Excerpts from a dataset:

------------------------

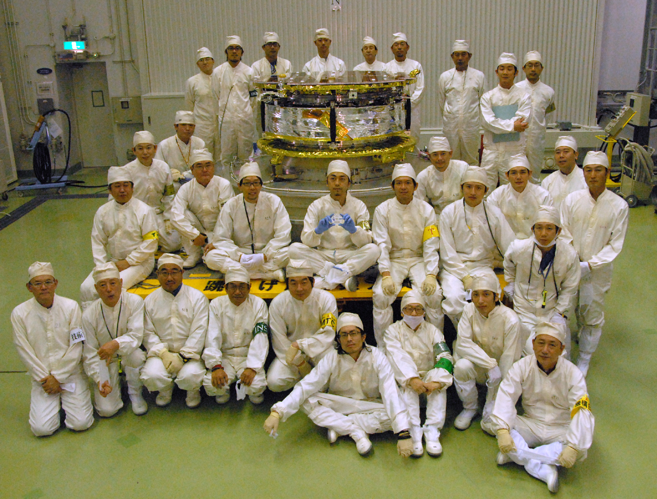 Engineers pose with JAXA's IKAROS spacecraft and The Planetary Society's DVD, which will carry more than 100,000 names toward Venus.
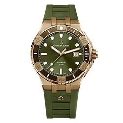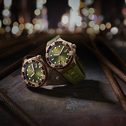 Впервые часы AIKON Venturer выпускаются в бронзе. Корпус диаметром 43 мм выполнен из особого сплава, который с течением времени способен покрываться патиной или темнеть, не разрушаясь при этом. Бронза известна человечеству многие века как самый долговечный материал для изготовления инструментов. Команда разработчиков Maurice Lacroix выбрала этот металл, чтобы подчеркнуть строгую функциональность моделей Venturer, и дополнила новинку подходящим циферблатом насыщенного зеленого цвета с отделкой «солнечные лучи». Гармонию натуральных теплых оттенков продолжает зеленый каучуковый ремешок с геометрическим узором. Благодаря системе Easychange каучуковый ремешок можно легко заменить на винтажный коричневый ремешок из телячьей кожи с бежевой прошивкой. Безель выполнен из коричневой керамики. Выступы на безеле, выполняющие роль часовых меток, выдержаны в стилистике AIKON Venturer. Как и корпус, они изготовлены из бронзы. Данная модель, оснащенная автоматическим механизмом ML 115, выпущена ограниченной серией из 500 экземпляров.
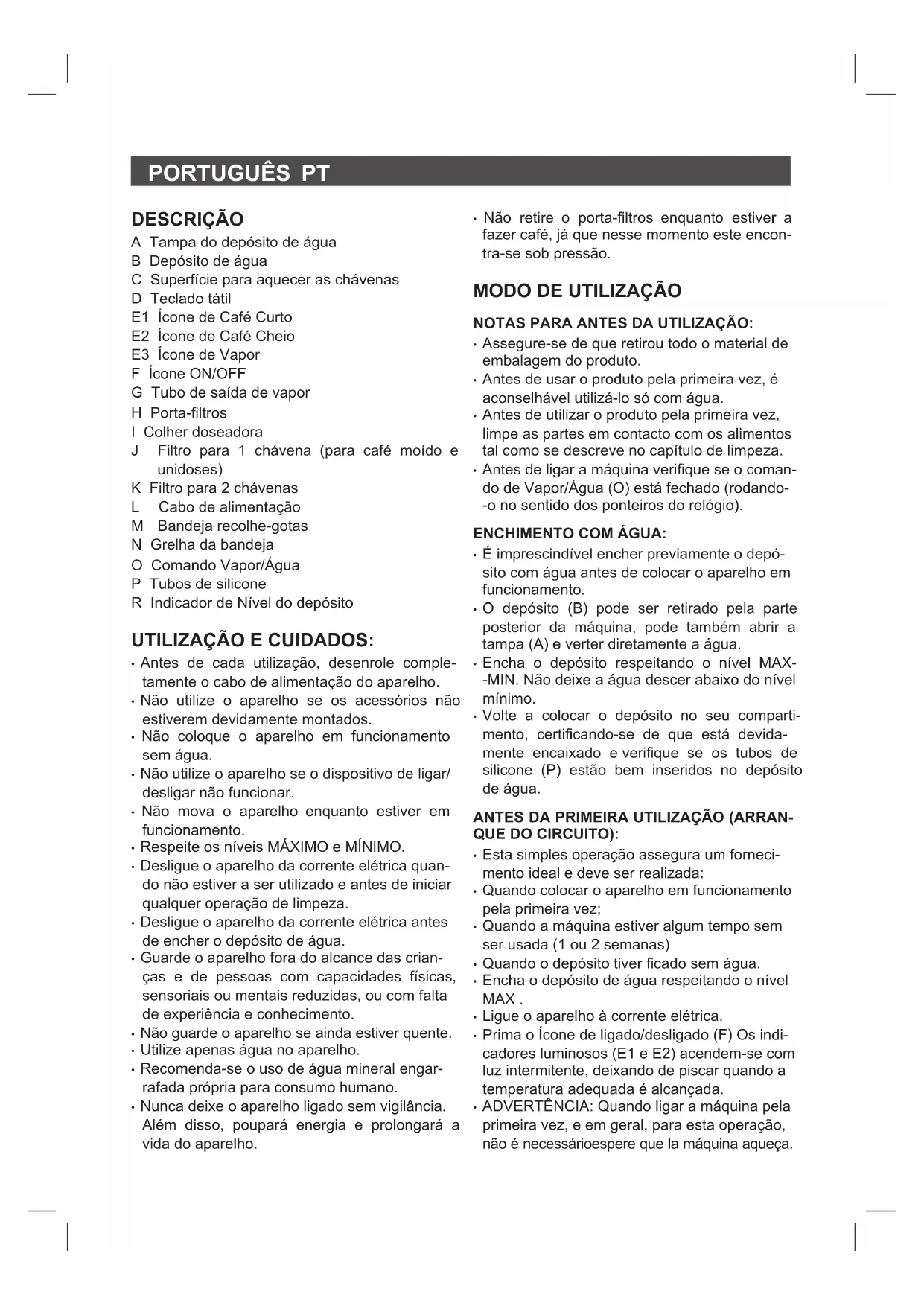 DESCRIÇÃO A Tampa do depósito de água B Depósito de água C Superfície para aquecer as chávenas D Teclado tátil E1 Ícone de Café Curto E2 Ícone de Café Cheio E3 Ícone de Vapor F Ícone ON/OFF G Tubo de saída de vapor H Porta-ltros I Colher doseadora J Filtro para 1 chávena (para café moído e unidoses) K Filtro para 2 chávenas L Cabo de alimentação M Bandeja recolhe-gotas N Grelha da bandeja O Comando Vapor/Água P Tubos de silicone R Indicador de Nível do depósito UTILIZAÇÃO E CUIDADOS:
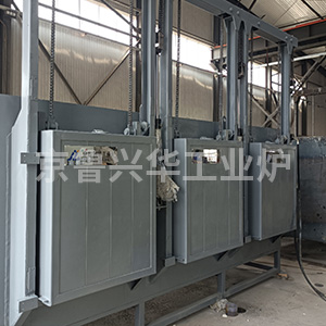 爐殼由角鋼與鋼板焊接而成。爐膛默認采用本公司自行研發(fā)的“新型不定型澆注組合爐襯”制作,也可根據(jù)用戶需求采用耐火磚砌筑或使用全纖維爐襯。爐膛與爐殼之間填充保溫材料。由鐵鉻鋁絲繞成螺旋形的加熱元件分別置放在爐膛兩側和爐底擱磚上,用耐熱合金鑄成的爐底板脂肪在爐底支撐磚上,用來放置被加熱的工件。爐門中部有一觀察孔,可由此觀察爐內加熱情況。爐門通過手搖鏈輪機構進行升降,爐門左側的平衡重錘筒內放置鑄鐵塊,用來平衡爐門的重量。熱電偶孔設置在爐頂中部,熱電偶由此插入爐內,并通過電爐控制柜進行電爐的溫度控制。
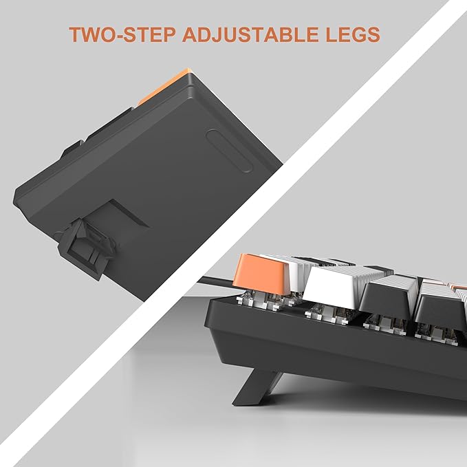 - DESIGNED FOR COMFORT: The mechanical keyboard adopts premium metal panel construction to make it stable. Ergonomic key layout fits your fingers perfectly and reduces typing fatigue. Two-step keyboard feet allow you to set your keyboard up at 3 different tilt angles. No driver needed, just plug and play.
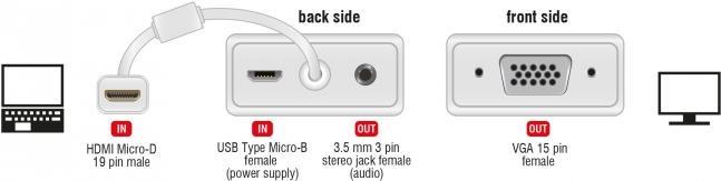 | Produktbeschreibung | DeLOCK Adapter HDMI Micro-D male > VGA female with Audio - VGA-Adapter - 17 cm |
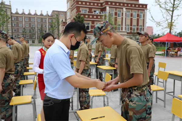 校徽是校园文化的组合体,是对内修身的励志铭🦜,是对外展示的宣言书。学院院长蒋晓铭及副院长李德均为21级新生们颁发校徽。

------------------------

Your assignment:
In the copy, leave out all pictures, and retype exactly each line from the one with "VGA-Adapter - 17 cm |" through the last line of the entries.

Written answer:
 | Produktbeschreibung | DeLOCK Adapter HDMI Micro-D male > VGA female with Audio - VGA-Adapter - 17 cm |
 校徽是校园文化的组合体,是对内修身的励志铭🦜,是对外展示的宣言书。学院院长蒋晓铭及副院长李德均为21级新生们颁发校徽。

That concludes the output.